Prove the following


Let $\alpha$ and $\beta$ be two real roots of the equation $(k+1) \tan ^{2} x-\sqrt{2} \cdot \lambda \tan x=(1-k)$, where $k(\neq-1)$ and $\lambda$ are real numbers.

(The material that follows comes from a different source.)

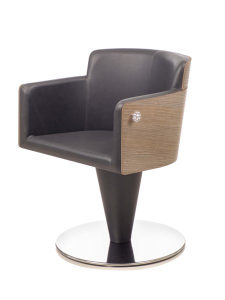 Дизайнерское парикмахерское кресло. Кресло для клиента комплектуется дисковым основанием из нержавеющей стали и гидроподъемником с блокировкой. Отделка каркаса кресла - ламинат "под дерево", отделка гидроподъемника - искусственная кожа. Кресло оснащено комфортными подлокотниками и декоративной ручкой для подвешивания сумок, обеспечивая клиенту максимальный комфорт. Обивка - искусственная кожа высшего качества.

If $\tan ^{2}(\alpha+\beta)=50$, then a value of $\lambda$ is:

  1. (1) $10 \sqrt{2}$

  2. (2) 10

  3. (3) 5

  4. (4) $5 \sqrt{2}$

Correct Option: , 2


$(k+1) \tan ^{2} x-\sqrt{2} \lambda \tan x+(k-1)=0$

$\tan \alpha+\tan \beta=\frac{\sqrt{2} \lambda}{k+1}$ [Sum of roots]

$\tan \alpha \cdot \tan \beta=\frac{k-1}{k+1}$ [Product of roots]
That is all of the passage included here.